As is evident from the name, in load-balance mode of operation both the servers respond to client requests. Here’s how the servers ensure the distribution of client requests between themselves:
Each DHCP server on receiving the client request calculates hash of the MAC address in the client request as per hashing algorithm specified in RFC 3074. Each server hashes any MAC address to a value between 1 and 256. If the load distribution ratio between the 2 servers is left at the default of 50:50; and if the hash of the MAC address falls between 1 and 128 then the first server will respond to the client request else if the hash is any value between 129 and 256, the other server responds to the client. This ensures that only one server responds for a specific client. If the load distribution ratio has been changed by the admin to a different value, the distribution of hash buckets would be in that proportion. The admin does not need to configure the MAC addresses on any server configuration a-priori.

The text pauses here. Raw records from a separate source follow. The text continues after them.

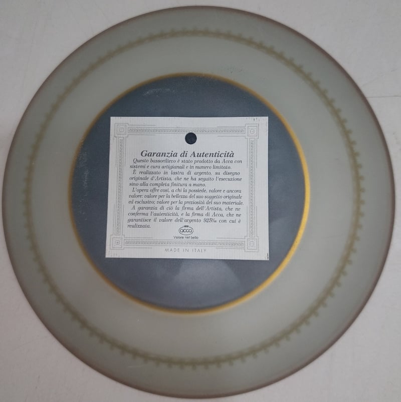 Limited-edition bas-relief artwork produced by Acca.The certificate of authenticity guarantees the value of the "925% silver" used to create the piece.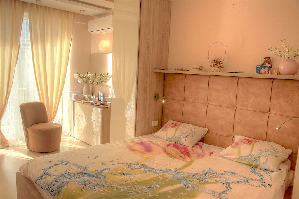 Квартира с 2 спальнями, гостиной с кухней, ванной, и просторной террасой с видом на море. Также квартире принадлежит кладовка, площадью 7 м2. Вся мебель установлена на заказ от лучших итальянских и немецких производителей. В квартире есть все, что необходимо для комфорного отдыха, а также для постоянного проживания. Современный стиль, высокое качество строительства и отделочных работ.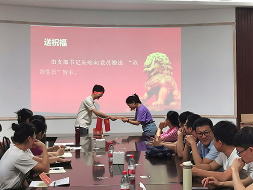 活动开始,朱皓同志向与会党员介绍了本次会议的目的及意义,他指出:过“政治生日”就是引导党员始终牢记自己的党员身份,永葆初心;随后,在林京宇同志的带领下,全体党员重温入党誓词;接着,向入党时间为上半年的同志赠送一份专属“政治生日”贺卡及纪念品;最后,党员们对照合格党员标准畅谈了自身的差距与今后努力的方向。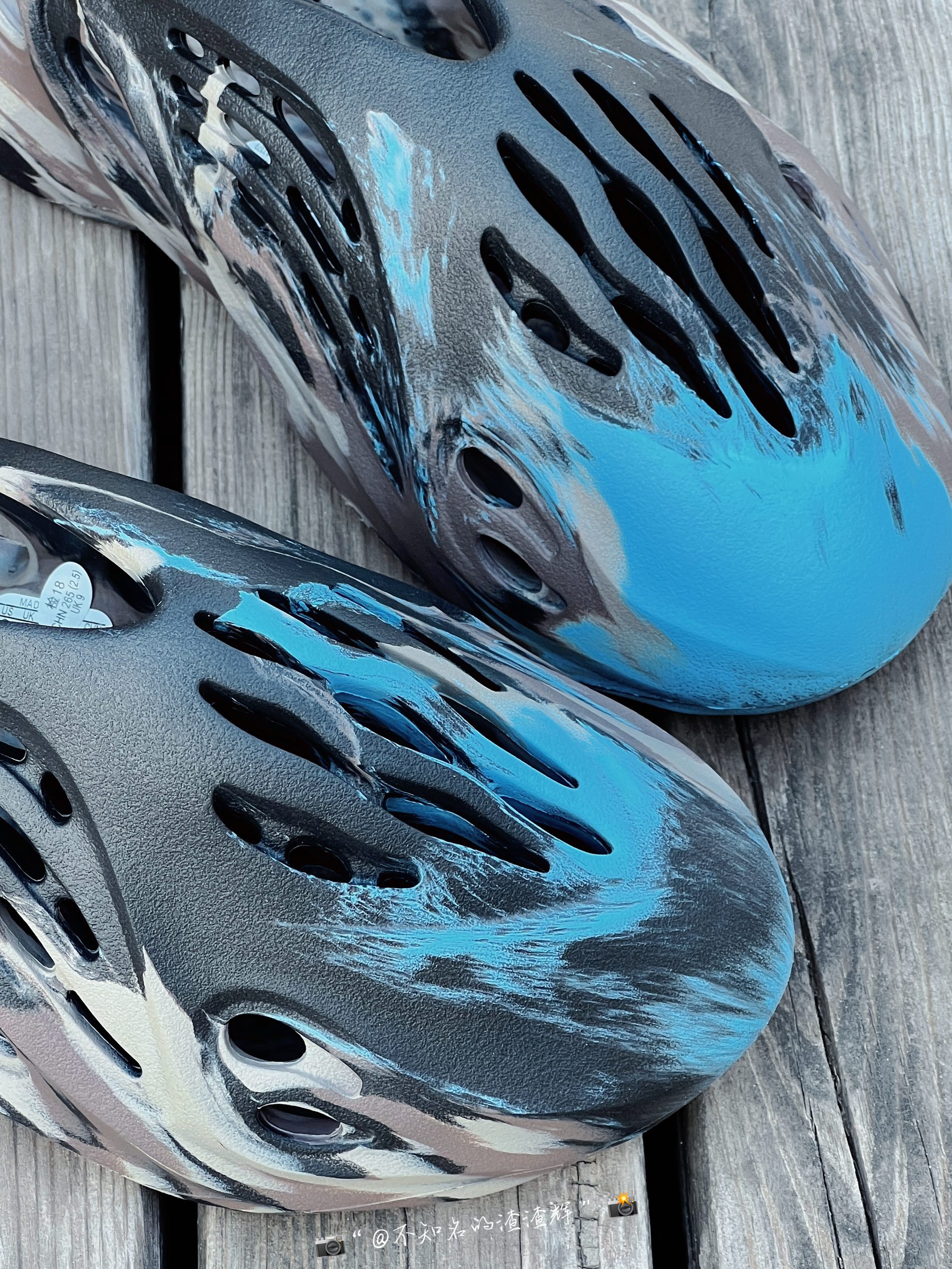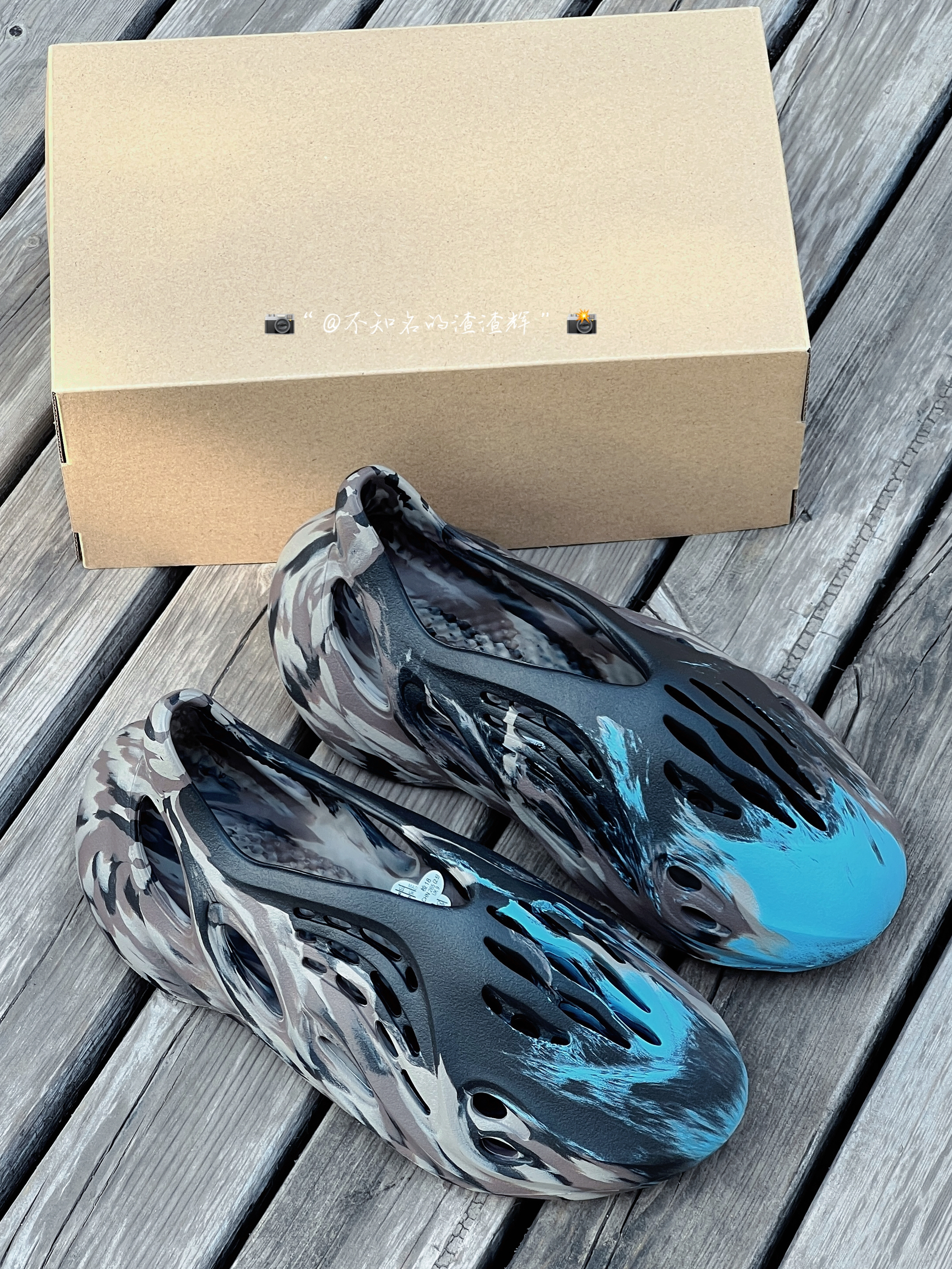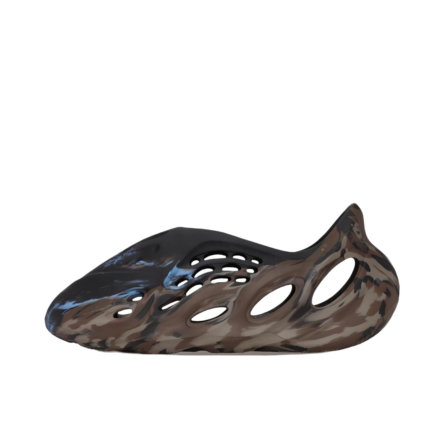 😍:adlidas originals Yeezy Foam Runner 黑炫彩“MX Cinder”潮流休闲 运动凉鞋 😍:这双鞋子整体以黑棕色为主色调,蓝色点缀,鞋身洞洞设计很有个性,很有个性的设计风格 😍:鞋身采用轻质 EVA 材质和可回收来的特殊藻类材质组成而成,质感舒适,上脚很轻盈的鞋子,脚感也很不错 😍:尺码推荐:建议买大两码

Figure 1: Load Balance Ratio in a Failover Relationship
The free IP addresses of each failover scope are also distributed in the same proportion as the load balancing ratio. So for example, let’s say the failover scope - 10.10.10.0/24 - with an IP address range of 10.10.10.1 through 10.10.10.250. Suppose all IP addresses from 10.10.10.1 to 10.10.10.50 in this scope are leased out and all IPs starting from 10.10.10.51 are free. In this situation, the IP addresses from 10.10.10.51 through 10.10.10.150 would be apportioned to the first server and IP addresses 10.10.10.151 through 10.10.10.250 to the second server assuming the load balance ratio is 50:50. So, a client requesting a new lease and whose MAC address hash falls within the hash buckets of the first server would get an IP address 10.10.10.51 and so on. If the client’s MAC address hash falls within the hash buckets of the second server, the client will get the IP address 10.10.10.151.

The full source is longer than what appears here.